With sufficient memory, the entire database can fit completely into memory.
More information on the data cache and how it is managed is available in Chapter 33.
Getting to your data quickly doesn't mean much if the information you receive is inaccurate. SQL Server follows a set of rules to ensure that the data you receive back from queries is consistent.
The general idea with consistent access is to allow only one client at a time to change the data, and to prevent others from reading data from the database while it is undergoing changes.
Transactional consistency has several levels of conformance, each of which provides a trade-off between accuracy of the data and concurrency. These levels of concurrency are examined in more detail in Chapter 38, "Locking and Performance." In particular, check out the sections on "SQL Server Lock Types" and "Transaction Isolation Levels in SQL Server."
The database server provides security at multiple levels. Security is enforced at the server level, the database level, and at the database object level. Access to the server is verified by either a username and password, or through integrated network security. Integrated security uses the client's network login credentials to establish identity.
SQL Server security is examined in more detail in Chapter 15, "Security and User Administration."
Some databases have to serve the needs of more than a single application. A corporate database that contains valuable information might have a dozen different departments wanting to access portions of the database for different needs.
In this kind of environment, it is impractical to expect the developers of each application to agree on an identical set of standards for maintaining data integrity. For example, one department might allow phone numbers to have extensions, whereas another department does not need that capability. One department might find it critical to maintain a relationship between a customer record and a salesman record, whereas another might care only about the customer information.
The best way to keep everybody sane in this environment?and to ensure that the data stays consistent and usable by everyone?is to enforce a set of rules at the database level. This is accomplished through the database objects, including rules, defaults, triggers, stored procedures, and data-integrity constraints. See Chapter 14, "Implementing Data Integrity," for details.
The Enterprise Manager is the central console from which most SQL Server database-management tasks can be coordinated. SQL Enterprise Manager (hereafter referred to as SQL-EM) provides a single interface from which all servers in a company can be managed.
The SQL-EM is examined in more detail in Chapter 4, "SQL Server Enterprise Manager."
Figure 1.2 shows Enterprise Manager being used for some everyday administration tasks.
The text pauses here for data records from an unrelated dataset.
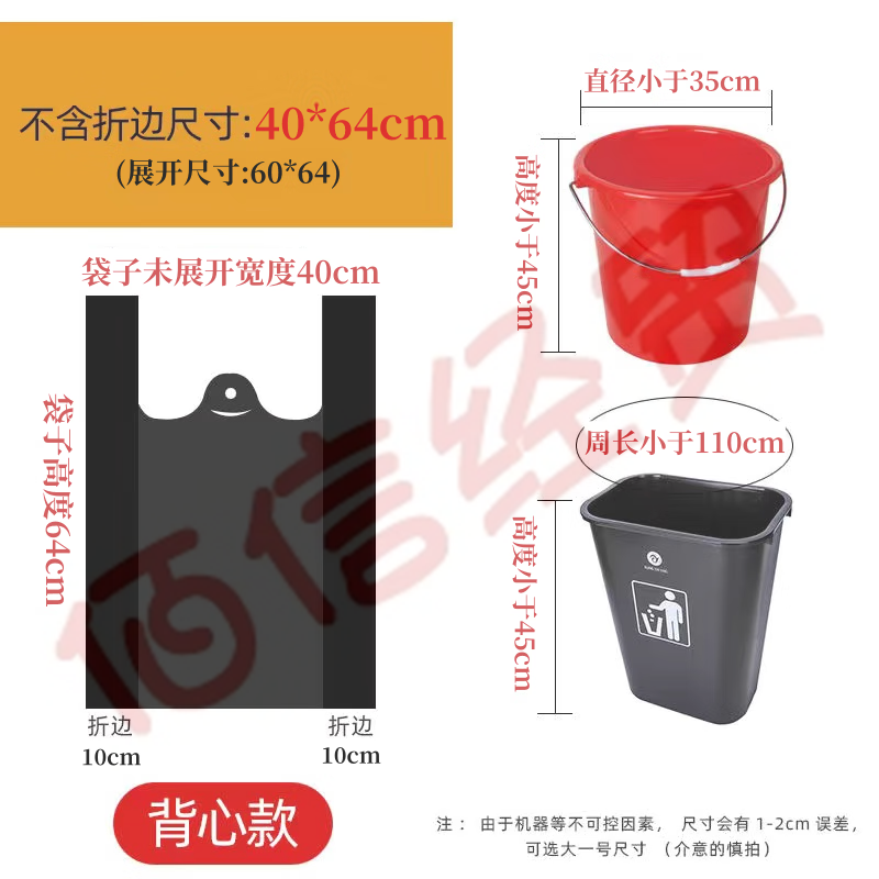 乙晨合垃圾袋手提式背心式平口式扣手式超強(qiáng)韌性全新材質(zhì) 手提式40*64cm特厚50只(5個(gè)起售) 自營
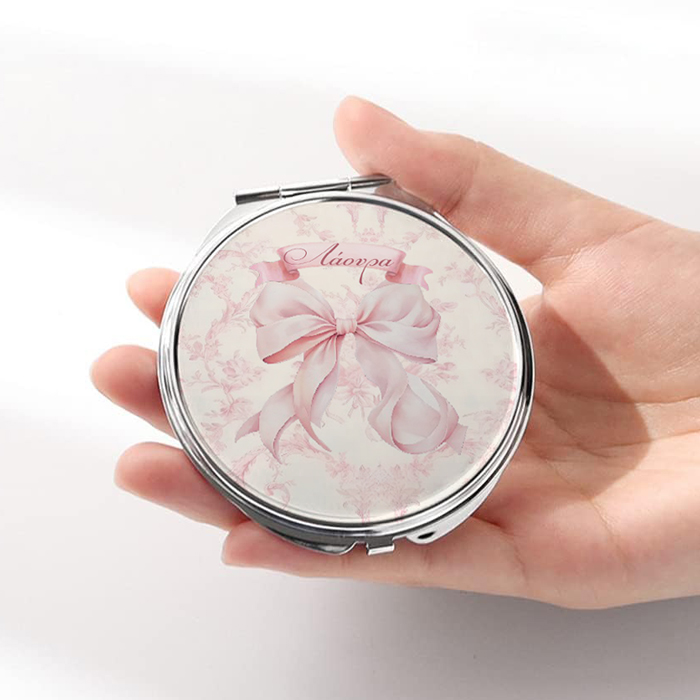 Καθρεφτάκι Ροζ Φιόγκος Ασημί Στρογγυλό
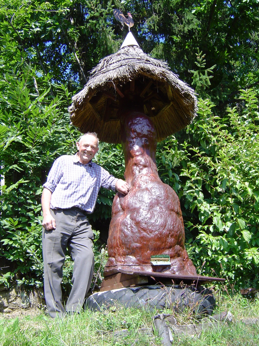 Naš gospodar in praporščak Jakob pred svojim naravnim čebelnjakom
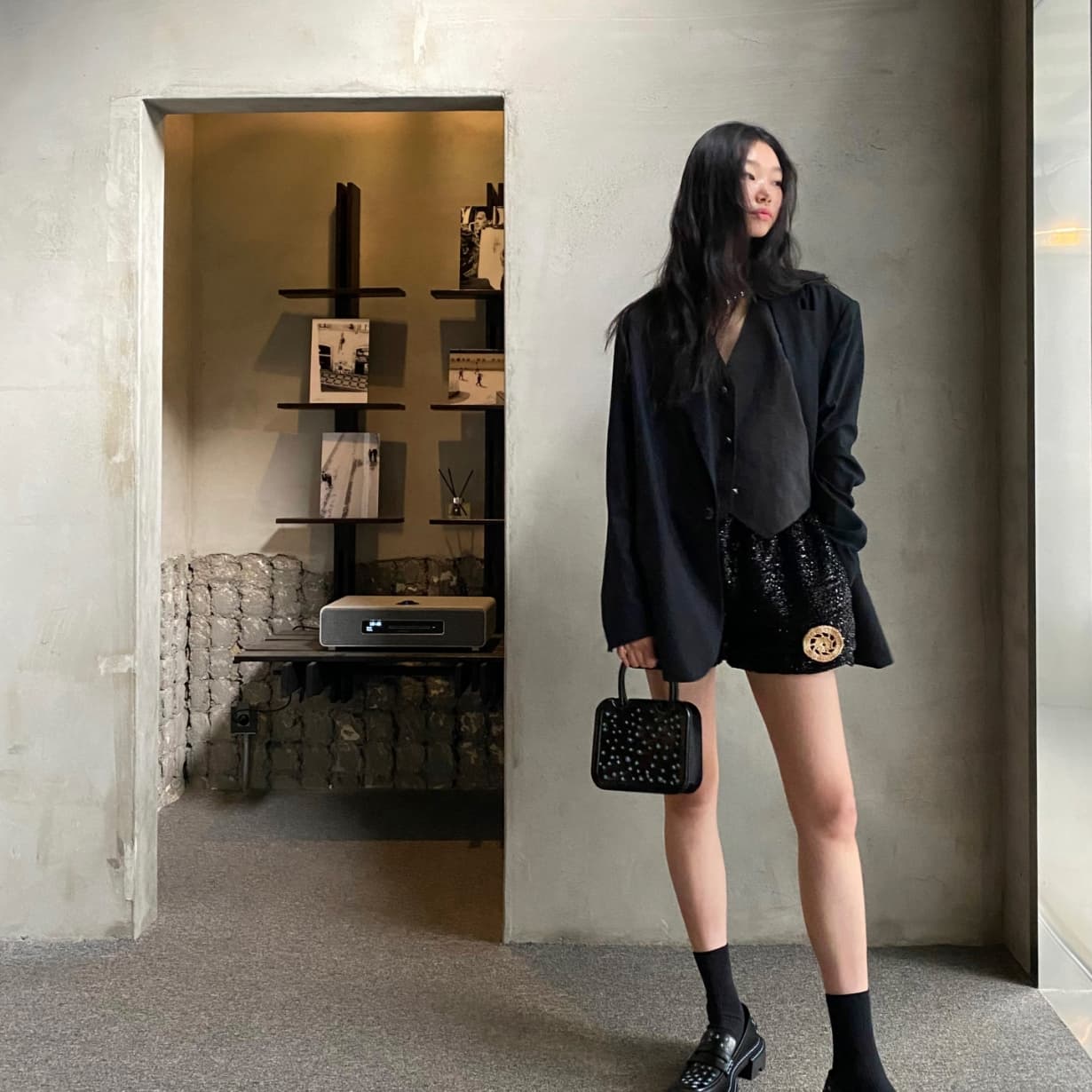Actress @lamting brightens up her chic all-black ensemble with the hopeful blue daisies on the Perline embroidered chunky penny loafers and sculptural tote bag from our #CocoCapitanxCharlesKeith collection.
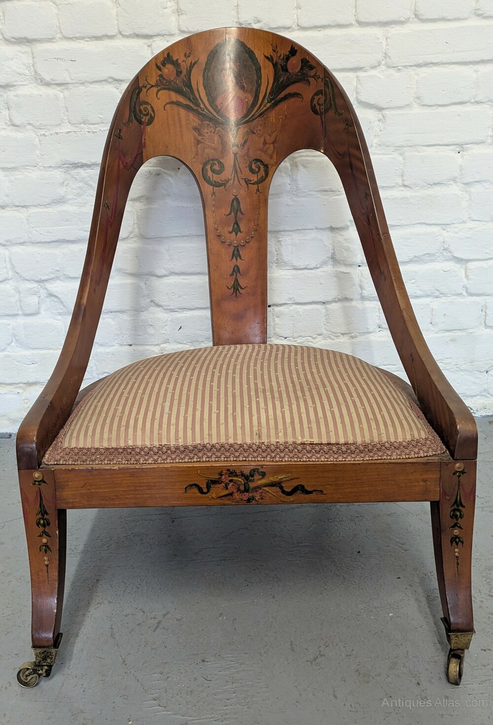 Regency Polychrome Satinwood Spoon Backed Chair
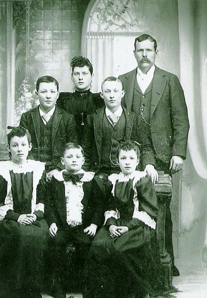 From what I figured out, this is my great-great-grandfather Thomas CORRIGAN and his first wife Ellen FERGUSON (1854- abt 1890.) I had originally tabbed it as Thomas Corrigan and his second wife, my great-great-grandmother Emma Jane FIRMENICH. Then one day I looked closer at it and at Tom and Emma’s children and they didn’t seem to match up. It occurred to me that this was probably his first family since the kids line up pretty well with their ages. Tom was a busy man. He had 5 children with Ellen and then married my gg-grandmother and had 9 more.
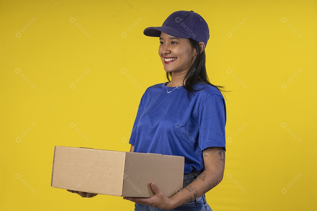 Mulher fazendo entrega de caixa
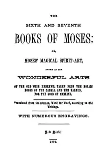 Another scholar of the time interested in grimoires, the antiquarian bookseller Johann Scheible first published the Sixth and Seventh Books of Moses; two influential magical texts that claimed to have been written by the ancient Jewish figure Moses.[49] The Sixth and Seventh Books of Moses were among the works which later spread to the countries of Scandinavia, where—in Danish and Swedish—grimoires were known as black books and were commonly found among members of the army.[50]
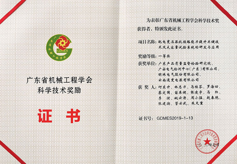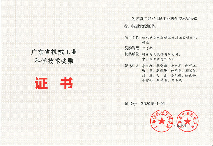 近日,明珠電氣“核電站安全級調壓變壓器關鍵技術研究”項目(與中廣核工程有限公司聯合開展)以及“配電變壓器抗短路能力提升關鍵技術及大容量試驗系統的研發與應用”項目(由廣東產品質量監督檢驗研究院主持),同時榮獲2019年度廣東省機械工業科學技術獎勵一等獎和2019年度廣東省機械工程學會科學技術獎勵一等獎。
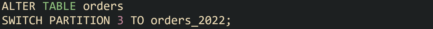 That switch moves all rows that fall into partition 3 into orders_2022 without scanning individual rows. Tuning the partition function so that partition 3 lines up with a full year such as 2022 keeps the process predictable.

Figure 1.2 shows a list of available servers in the leftmost pane. The servers are organized into two groups: Development and Production. A connection to Palpatine has been opened, and the right pane shows the scheduled jobs on Palpatine.
The following lists some of the tasks that can be performed with SQL-EM. Most of these are discussed in detail later in the book:
Completely manage many servers in a convenient interface
Set server options and configuration values, such as the amount of memory and processors to use, the default language, and the default location of the data and log files
Manage logins, database users, and database roles
Schedule automated jobs through the SQL Agent
Back up and restore databases and develop maintenance plans
Create new databases
Browse table contents
Manage database objects, such as tables, indexes, and stored procedures
Configure and manage replication
Import and export data
Transfer data between servers, SQL Server, and otherwise
Monitor SQL Server activity and error logs
Provide a convenient centralized front end to other applications, such as the Data Transformation Services designer, Query Analyzer, Full Text Search Services, and SQL Mail
SQL Enterprise Manager interacts with SQL Server using standard Transact-SQL commands. For example, when you create a new database through the SQL-EM interface, behind the scenes it generates a CREATE DATABASE SQL command. Whatever you can do through SQL-EM, you can do with the Query Analyzer or even the command line ISQL or OSQL programs.
If you're curious how EM is accomplishing something, you can run SQL Profiler to trap the commands that SQL-EM is sending to the server. I've used this technique to discover some interesting internals information. You can also use this tactic to capture SQL scripts, and then repeat tasks using the script instead of a few dozen interface clicks.
The Service Manager is a small applet that allows easy control of several key SQL services:
SQL Server, the database engine
SQL Agent, a job scheduler
SQL Search, a full-text search engine
Distributed Transaction Coordinator
OLAP Server, a separate service used for warehousing
The Service Manager can be used to control or monitor these services on any machine on the network. It will poll each service every few seconds (configurable through Options) to determine its state. A check box also exists for each service, which allows automatic starting of the service when Windows starts. Most servers automatically start the SQL service on system startup, but in some maintenance situations, it's important to be able to disable this property.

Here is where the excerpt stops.